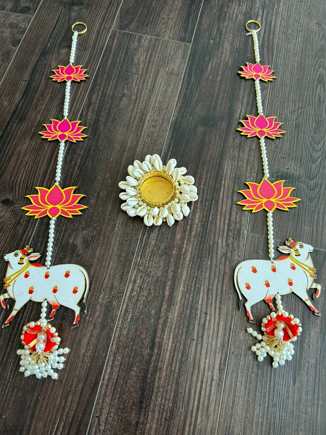 Cute Indian style hanging decorations! Includes two strands with lotus and cow designs, plus a candle holder with shell accents
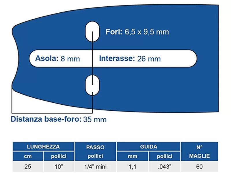 Barra laminata a rocchetto Maya HF10-45GE per motosega 25 cm - 10" - 60 maglie - passo 1/4" mini, spessore 1.1 mm .043" - Attacco barra A041 / T041.
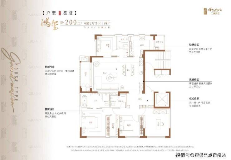 建面约200㎡4房2厅3卫户型,做到了 三开间朝南+主卧豪华套房设计+南北通透,保证每个家庭成员都能有自己独立的居住空间,私密性拉满。
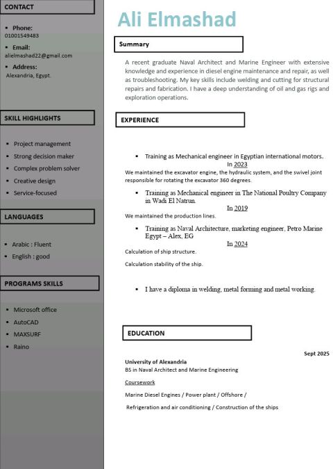I am a marine mechanical engineer with extensive experience in designing tourist yachts and Nile cruise ships. I possess strong technical expertise in marine mechanical systems used in floating units, in addition to significant practical experience in operating and maintaining main propulsion systems.

- [GOAL OF THE EXERCISE] Reproduce, word for word, the lines from the one containing "建面约200㎡4房2厅3卫户" to the end of the material, both ends included. No picture is copied.

- [WRITTEN ANSWER]
 建面约200㎡4房2厅3卫户型,做到了 三开间朝南+主卧豪华套房设计+南北通透,保证每个家庭成员都能有自己独立的居住空间,私密性拉满。
I am a marine mechanical engineer with extensive experience in designing tourist yachts and Nile cruise ships. I possess strong technical expertise in marine mechanical systems used in floating units, in addition to significant practical experience in operating and maintaining main propulsion systems.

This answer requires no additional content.